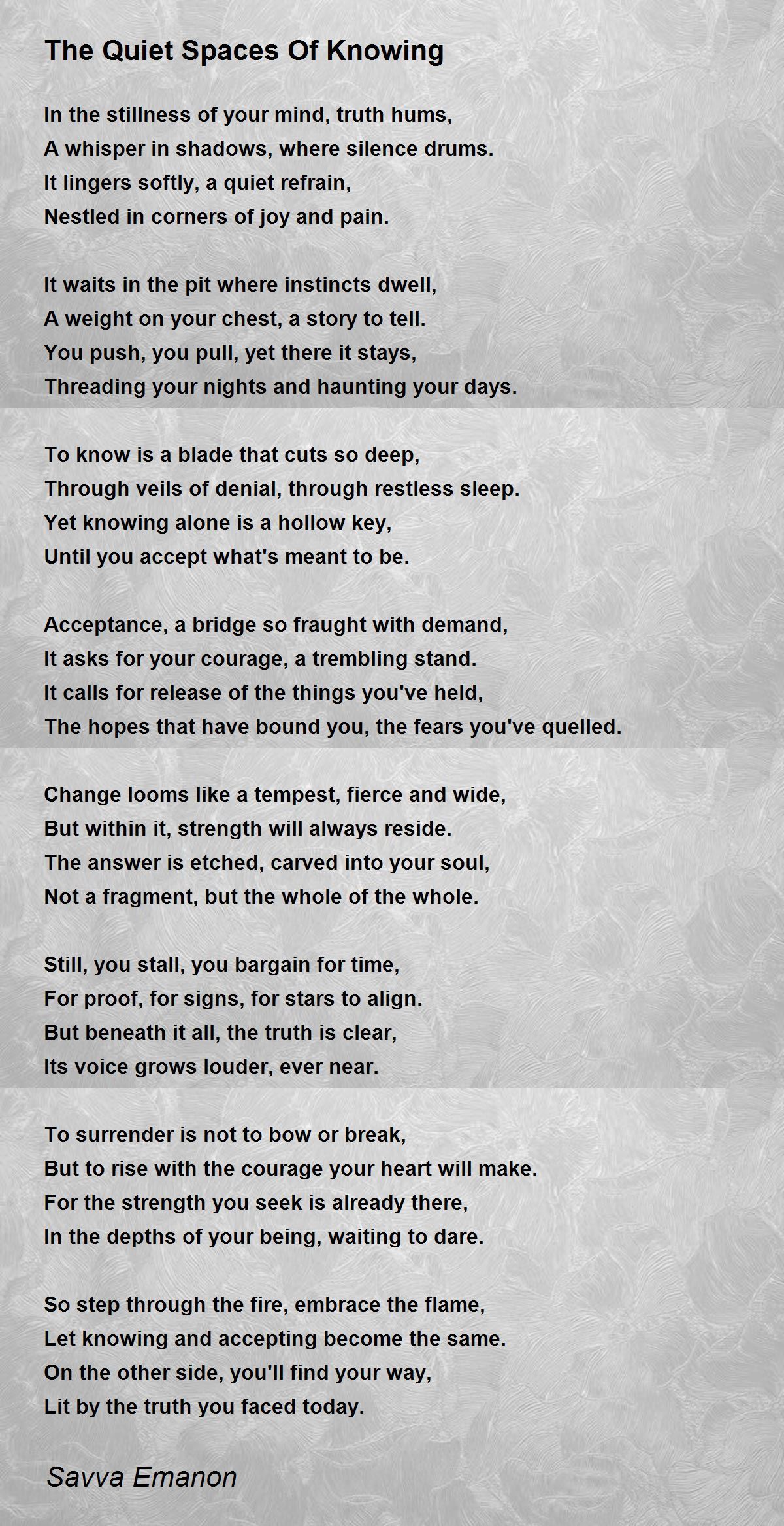 The answer is etched, carved into your soul,
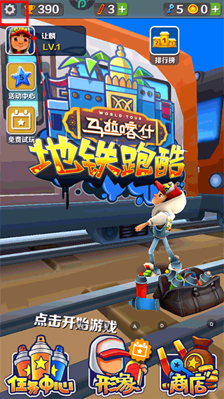 1、打开地铁跑酷游戏,点击左上角的设置按钮。
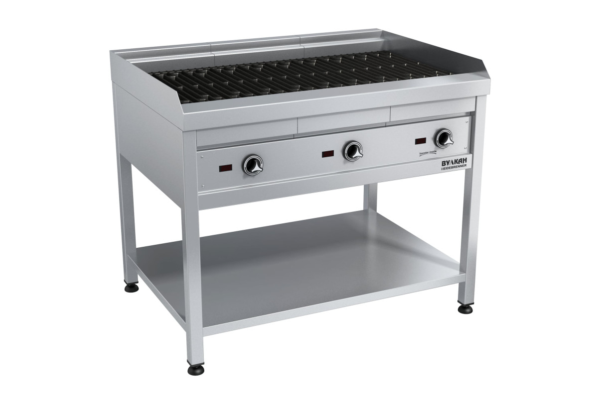 1000х700х850мм, Напольный лавовый гриль из нержавеющей стали с 3-мя зонами нагрева. Особенность этого гриля – наличие лавовых камней, долго держащих тепло и выполняющих роль раскаленных углей. Капли жира, попадая на камни, образуют лёгкий дымок, придающий мясу неповторимый вкус. Добавив на камни немного древесной стружки, вы получите продукт с тонким ароматом копчения. Важная деталь гриля – чугунная решетка, обладающая отличными антипригарными свойствами и придающая продукту характерный рельефный рисунок, 3х4,5кВт, 380В, Брутто: 166кг
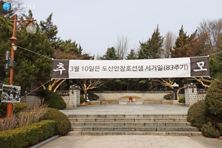 3월 10일 도산안창호선생 서거일 83주기 현수막이 묘소 앞에 걸려있다 ⓒ정향선
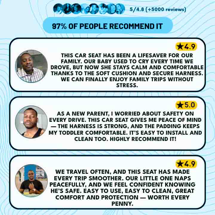 Comfortable journeys — soft cushioning and ergonomic design reduce fussiness and improve nap time.
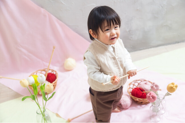小さな手が伸ばす先にあるのは、優しく編まれた毛糸の花。ピンクと黄色の布の上に並ぶカラフルな毛糸のチューリップです!
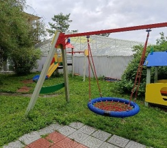 Неплохая детская площадка, качели, карусели... В общем, всё, что нужно. Тут же вход в бассейн, НО он платный, 1000 р за вход. Для проживающих в гостинице есть возможность заплатить один раз в день и ходить туда-сюда по 10 раз.
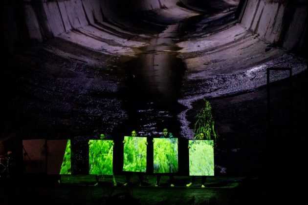 Dietro il palco un maxi-schermo, campo per la policromia accattivante della Mappa dei corpi idrici di Genova di Juan Lopez Cano; come per i secchi contributi video di una città schiacciata tra natura selvaggia e lavori in corso (con tanto di “immersione” nello scolmatore del Fereggiano), opera di Positano. Davanti i rifiuti del rio Molinassi, plasmati da Servi in quattro sistemi scultorei a bordo palco. In mezzo Genova tutta. Una città che ritrova la consapevolezza del suo essere terreno di una convivenza silenziosa tra due tipi di popolazione: quella umana, che si muove a piano strada, e quella idrica, “addomesticata” dall’uomo stesso nel corso dei decenni e sempre pronta a risalire dal basso a richiedere il proprio spazio. Ascoltarsi tra “corpi”, trovare un punto d’incontro pacifico tra le parti, è la priorità di oggi in vista di un domani.
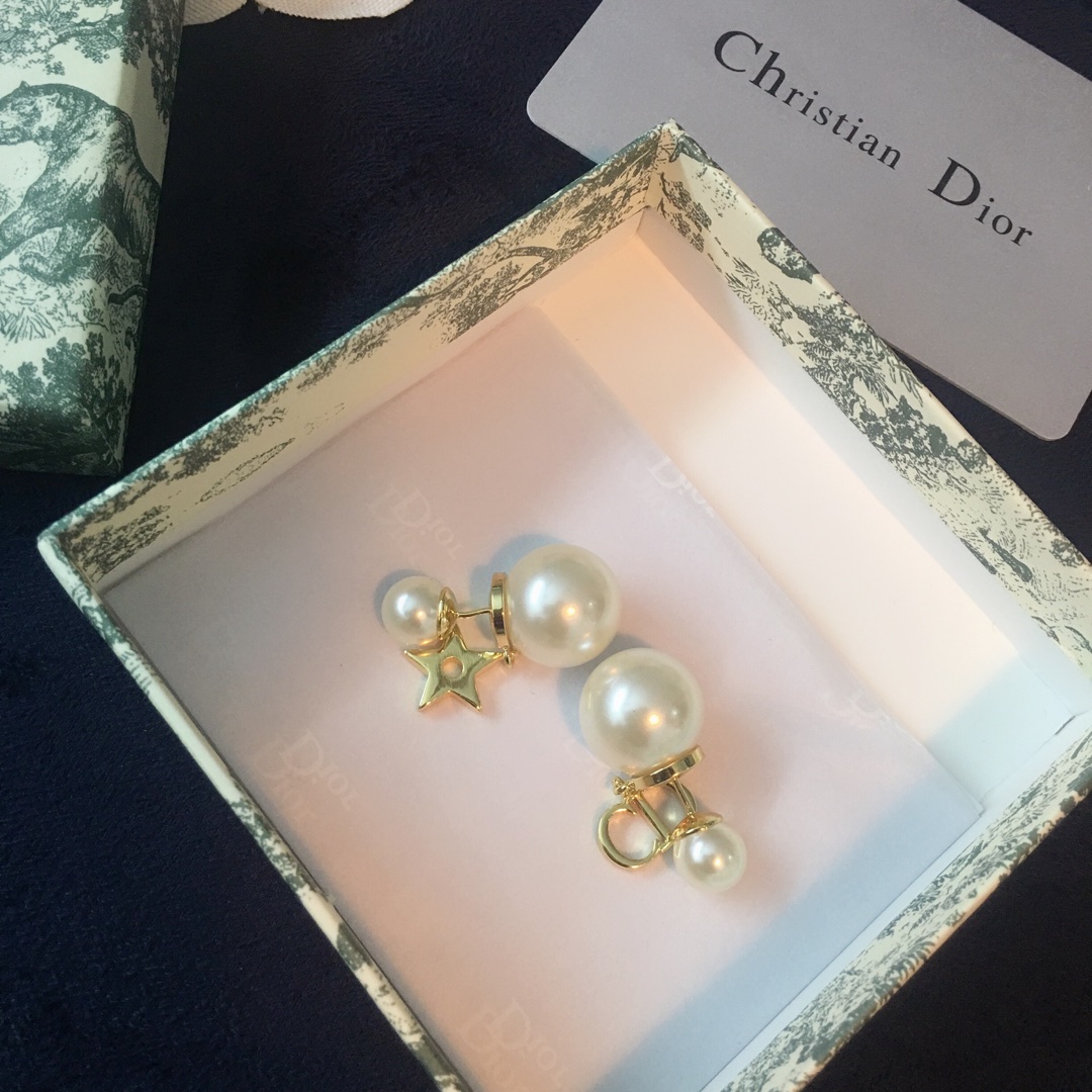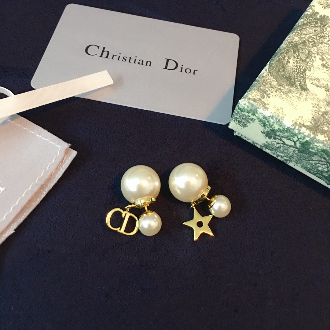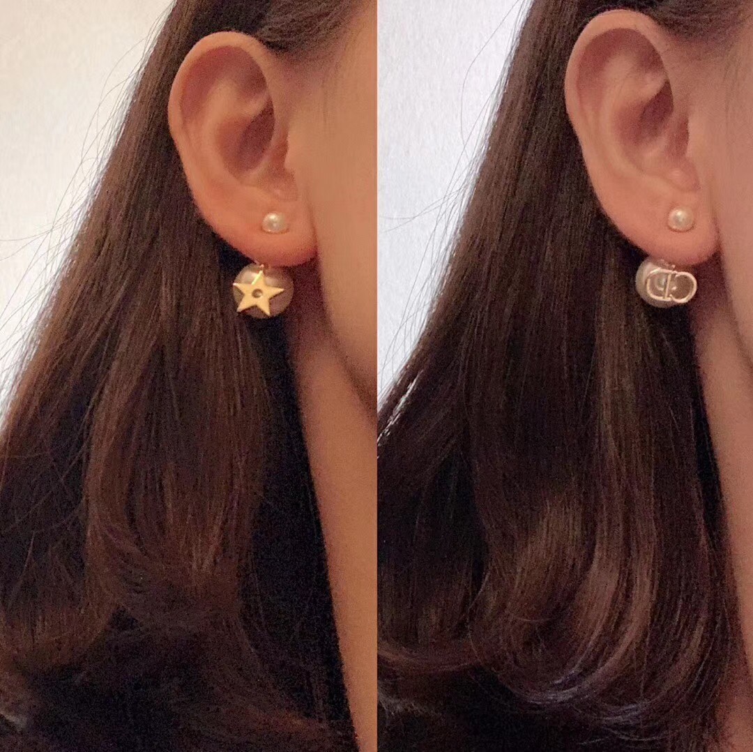 Dior 2019 new counter style star CD asymmetric size ball earrings zp consistent material with sterling silver needle
********************
Word for word, restate all of the material above except its pictures.

§ **WRITTEN RESPONSE**
 The answer is etched, carved into your soul,
 1、打开地铁跑酷游戏,点击左上角的设置按钮。
 1000х700х850мм, Напольный лавовый гриль из нержавеющей стали с 3-мя зонами нагрева. Особенность этого гриля – наличие лавовых камней, долго держащих тепло и выполняющих роль раскаленных углей. Капли жира, попадая на камни, образуют лёгкий дымок, придающий мясу неповторимый вкус. Добавив на камни немного древесной стружки, вы получите продукт с тонким ароматом копчения. Важная деталь гриля – чугунная решетка, обладающая отличными антипригарными свойствами и придающая продукту характерный рельефный рисунок, 3х4,5кВт, 380В, Брутто: 166кг
 3월 10일 도산안창호선생 서거일 83주기 현수막이 묘소 앞에 걸려있다 ⓒ정향선
 Comfortable journeys — soft cushioning and ergonomic design reduce fussiness and improve nap time.
小さな手が伸ばす先にあるのは、優しく編まれた毛糸の花。ピンクと黄色の布の上に並ぶカラフルな毛糸のチューリップです!
 Неплохая детская площадка, качели, карусели... В общем, всё, что нужно. Тут же вход в бассейн, НО он платный, 1000 р за вход. Для проживающих в гостинице есть возможность заплатить один раз в день и ходить туда-сюда по 10 раз.
 Dietro il palco un maxi-schermo, campo per la policromia accattivante della Mappa dei corpi idrici di Genova di Juan Lopez Cano; come per i secchi contributi video di una città schiacciata tra natura selvaggia e lavori in corso (con tanto di “immersione” nello scolmatore del Fereggiano), opera di Positano. Davanti i rifiuti del rio Molinassi, plasmati da Servi in quattro sistemi scultorei a bordo palco. In mezzo Genova tutta. Una città che ritrova la consapevolezza del suo essere terreno di una convivenza silenziosa tra due tipi di popolazione: quella umana, che si muove a piano strada, e quella idrica, “addomesticata” dall’uomo stesso nel corso dei decenni e sempre pronta a risalire dal basso a richiedere il proprio spazio. Ascoltarsi tra “corpi”, trovare un punto d’incontro pacifico tra le parti, è la priorità di oggi in vista di un domani.
 Dior 2019 new counter style star CD asymmetric size ball earrings zp consistent material with sterling silver needle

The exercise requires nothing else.